# [REQUIREMENT]
With pictures omitted, restate the data word for word.

# [PROVIDED DATA]

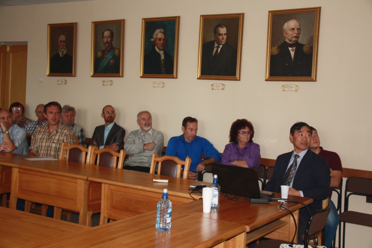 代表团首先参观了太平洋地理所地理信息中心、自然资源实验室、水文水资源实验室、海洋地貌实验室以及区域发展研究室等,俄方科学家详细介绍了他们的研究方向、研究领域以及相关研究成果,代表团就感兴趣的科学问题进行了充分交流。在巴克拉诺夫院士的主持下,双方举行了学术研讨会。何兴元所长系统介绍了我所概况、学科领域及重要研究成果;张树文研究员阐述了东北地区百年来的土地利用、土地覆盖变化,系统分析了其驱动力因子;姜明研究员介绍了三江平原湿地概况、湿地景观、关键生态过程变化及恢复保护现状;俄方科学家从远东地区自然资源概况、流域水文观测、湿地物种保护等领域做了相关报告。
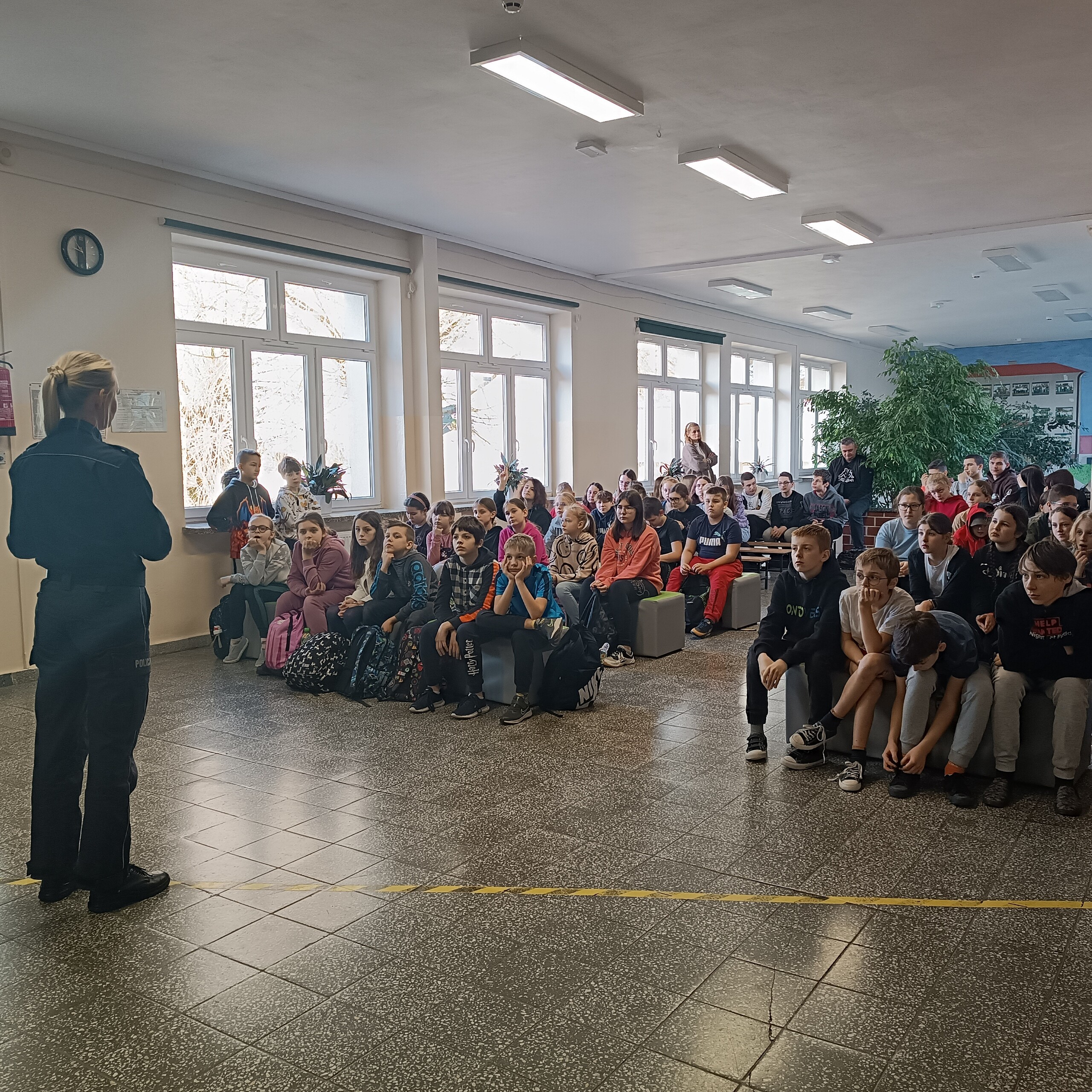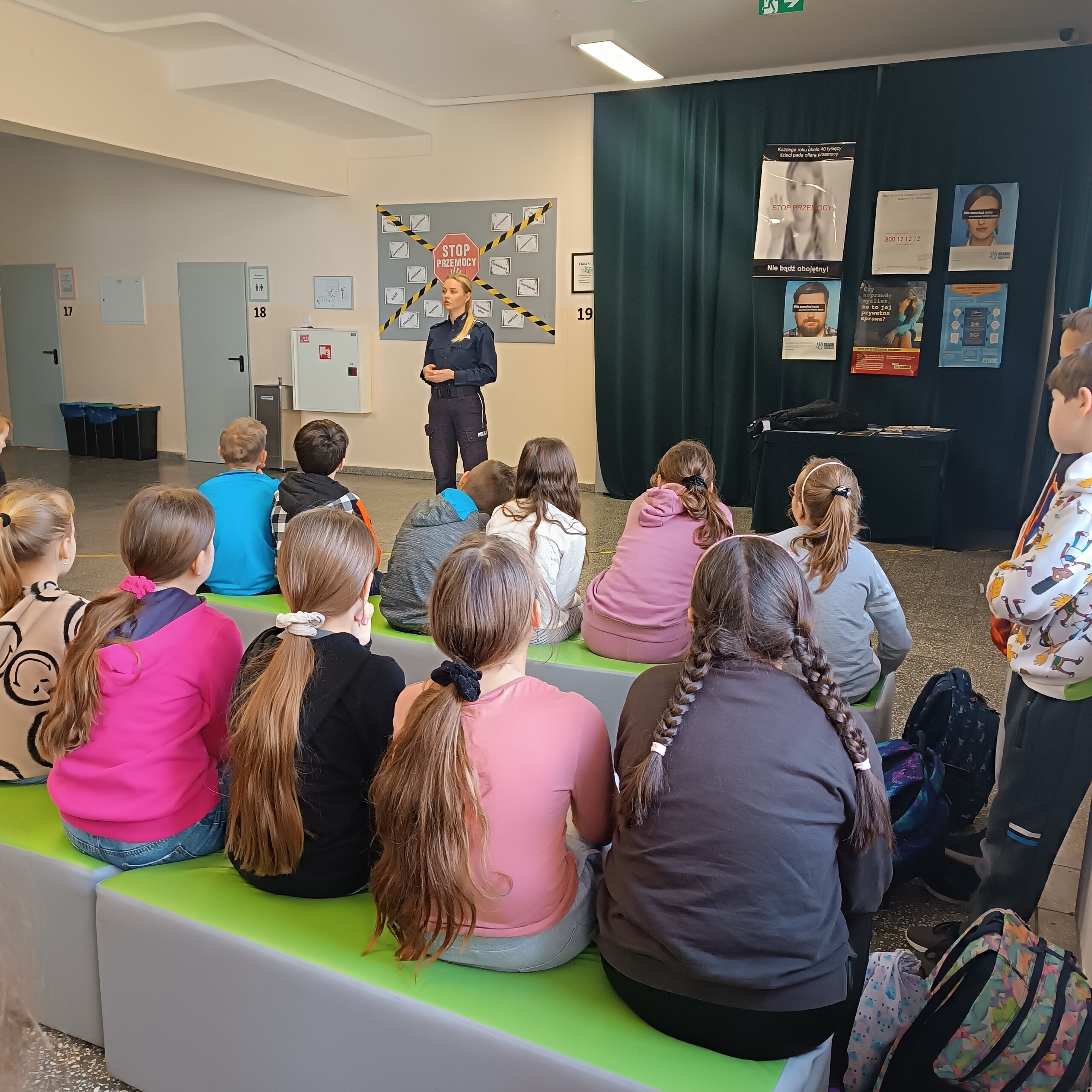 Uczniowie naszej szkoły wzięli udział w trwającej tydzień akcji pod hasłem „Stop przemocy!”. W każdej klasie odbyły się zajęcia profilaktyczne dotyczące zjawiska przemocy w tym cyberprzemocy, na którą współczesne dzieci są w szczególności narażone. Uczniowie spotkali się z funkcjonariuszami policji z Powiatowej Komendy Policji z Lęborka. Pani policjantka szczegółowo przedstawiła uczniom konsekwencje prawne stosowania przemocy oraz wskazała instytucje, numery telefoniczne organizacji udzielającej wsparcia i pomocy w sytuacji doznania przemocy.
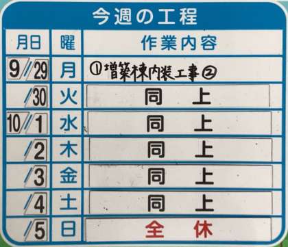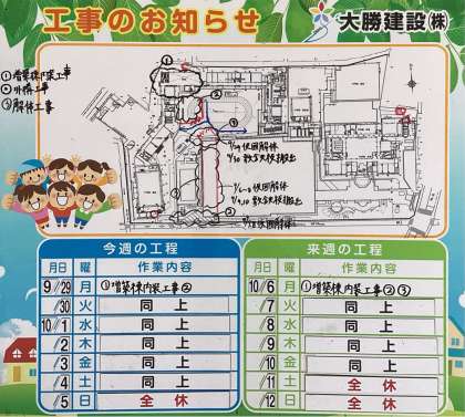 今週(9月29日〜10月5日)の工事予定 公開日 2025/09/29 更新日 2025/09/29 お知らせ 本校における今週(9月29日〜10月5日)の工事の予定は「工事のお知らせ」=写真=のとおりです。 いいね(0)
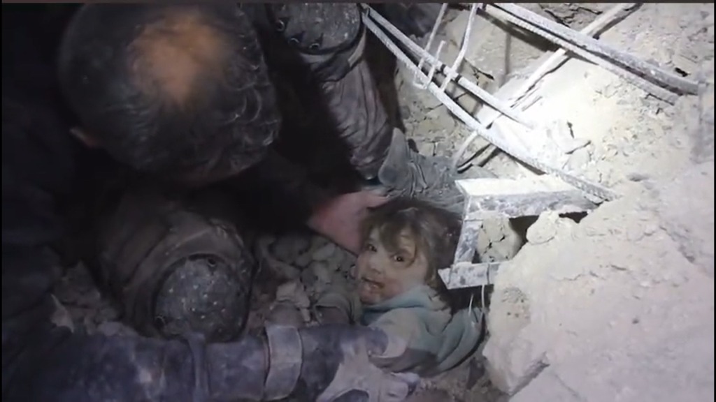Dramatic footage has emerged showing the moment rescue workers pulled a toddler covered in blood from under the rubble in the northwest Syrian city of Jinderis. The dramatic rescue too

# [YOUR SOLUTION]
 代表团首先参观了太平洋地理所地理信息中心、自然资源实验室、水文水资源实验室、海洋地貌实验室以及区域发展研究室等,俄方科学家详细介绍了他们的研究方向、研究领域以及相关研究成果,代表团就感兴趣的科学问题进行了充分交流。在巴克拉诺夫院士的主持下,双方举行了学术研讨会。何兴元所长系统介绍了我所概况、学科领域及重要研究成果;张树文研究员阐述了东北地区百年来的土地利用、土地覆盖变化,系统分析了其驱动力因子;姜明研究员介绍了三江平原湿地概况、湿地景观、关键生态过程变化及恢复保护现状;俄方科学家从远东地区自然资源概况、流域水文观测、湿地物种保护等领域做了相关报告。
 Uczniowie naszej szkoły wzięli udział w trwającej tydzień akcji pod hasłem „Stop przemocy!”. W każdej klasie odbyły się zajęcia profilaktyczne dotyczące zjawiska przemocy w tym cyberprzemocy, na którą współczesne dzieci są w szczególności narażone. Uczniowie spotkali się z funkcjonariuszami policji z Powiatowej Komendy Policji z Lęborka. Pani policjantka szczegółowo przedstawiła uczniom konsekwencje prawne stosowania przemocy oraz wskazała instytucje, numery telefoniczne organizacji udzielającej wsparcia i pomocy w sytuacji doznania przemocy.
 今週(9月29日〜10月5日)の工事予定 公開日 2025/09/29 更新日 2025/09/29 お知らせ 本校における今週(9月29日〜10月5日)の工事の予定は「工事のお知らせ」=写真=のとおりです。 いいね(0)
Dramatic footage has emerged showing the moment rescue workers pulled a toddler covered in blood from under the rubble in the northwest Syrian city of Jinderis. The dramatic rescue too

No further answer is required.